Using the autoplot()
methods
The most automatic way of plotting spectral data stored in one of the
classes defined in package photobiology
is to use the
autoplot()
methods (for compatibility with versions <
0.9.25 plot()
remains as a deprecated name for the same
methods). As autoplot()
methods defined by ‘ggplot2’ they
take advantage of all the data and metadata stored in objects of the
special classes used to store spectra. This allows the automatic
construction of axis labels as quantities and units are well
defined.
The basics
Here we use the same example source_spct
object from
package ‘photobiology’ used in User Guide 1 to demonstrate
parameters common to all autoplot()
methods for spectra.
Methods for plotting of objects of all the classes defined in package
‘photobiology’, except solute_spct
are available. Function
spct_classes()
lists these classes.
## [1] "calibration_spct" "raw_spct" "cps_spct" "filter_spct"

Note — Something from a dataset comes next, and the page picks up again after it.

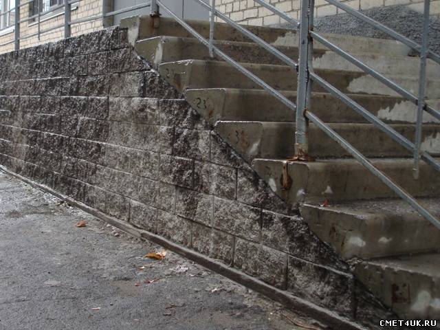 Облицовка камнем должна быть "за подлецо" с правым торцом ступеней т.е. находится под ступенью.

## [5] "reflector_spct" "source_spct" "object_spct" "response_spct"
## [9] "chroma_spct" "solute_spct" "generic_spct"
The simplest possible call to autoplot()
needs only one
argument, the object to plot.
autoplot(sun.spct)
In contrast to the examples in the User Guide 1, here we
obtain directly an annotated plot of the solar spectrum at ground level.

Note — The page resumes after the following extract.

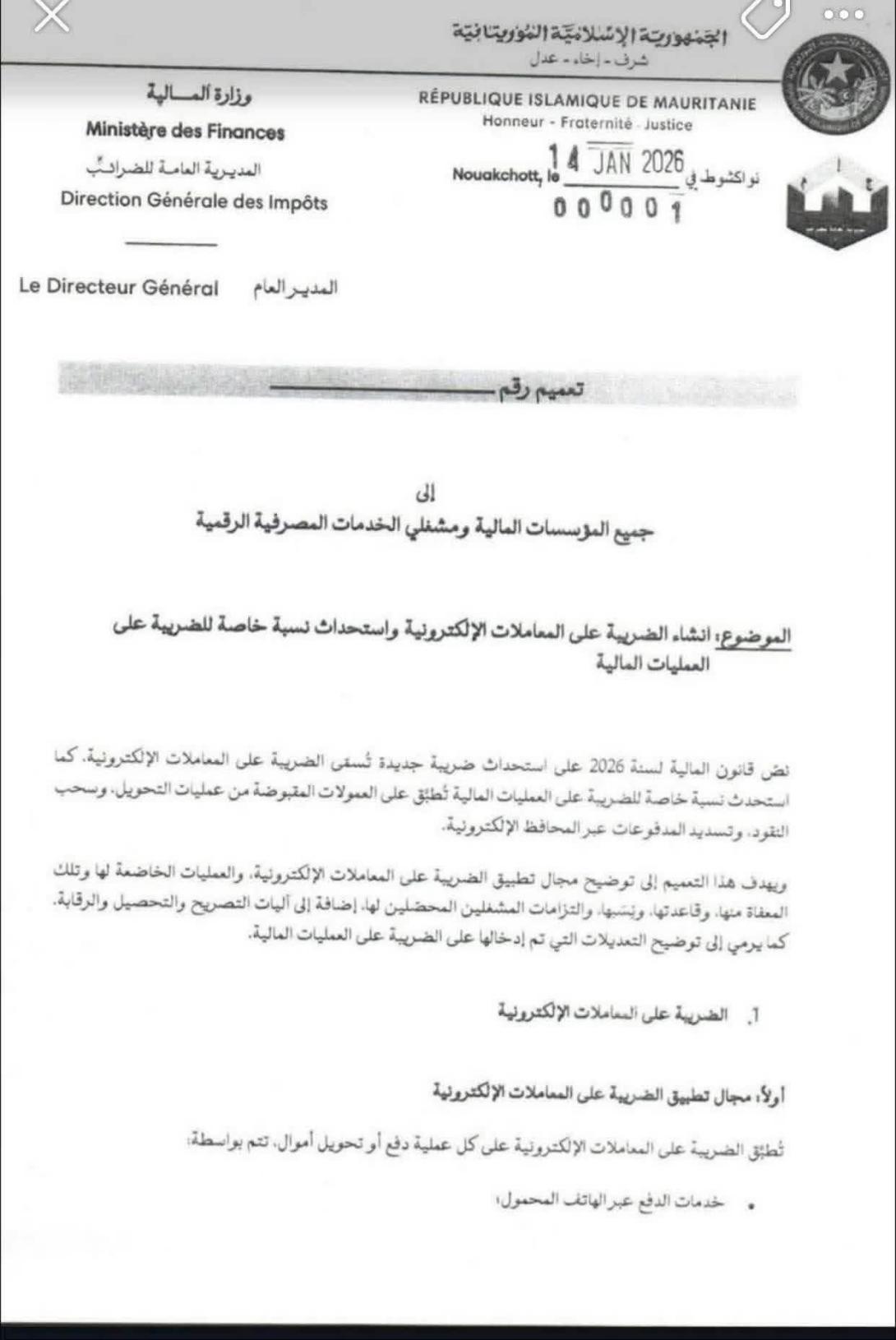 • ضريبة بنسبة 0.1% على المبالغ المحوّلة أو المسحوبة إلكترونيًا (ضمن المحافظ البنكية والتحويلات الرقمية).في مبالغ تفوق 5000 أوقية جديدة

This would be of limited use without the possibility to adjust the
design and components of the ggplot object created. One
approach is to use the grammar of graphics to add to the plot. However,
it is also possible to control many features of the plot by passing
additional arguments in the call to autoplot()
.
User-provided arguments overrrided the defaults.
When plotting source_spct
and response_spct
objects we can change the basis of expression of spectral irradiance and
spectral responsivity from "energy"
to
"photon"
. Be aware that by design, within one plot all
spectral values and derived summaries will always use the same base of
expression.
autoplot(sun.spct, unit.out = "photon")
We can build and area + line ("spct"
) plot instead the
default line plot.
autoplot(sun.spct, geom = "spct")
If a single object contains multiple spectra in long form, they are all plotted. In this case no summary values are displayed as they would overlap.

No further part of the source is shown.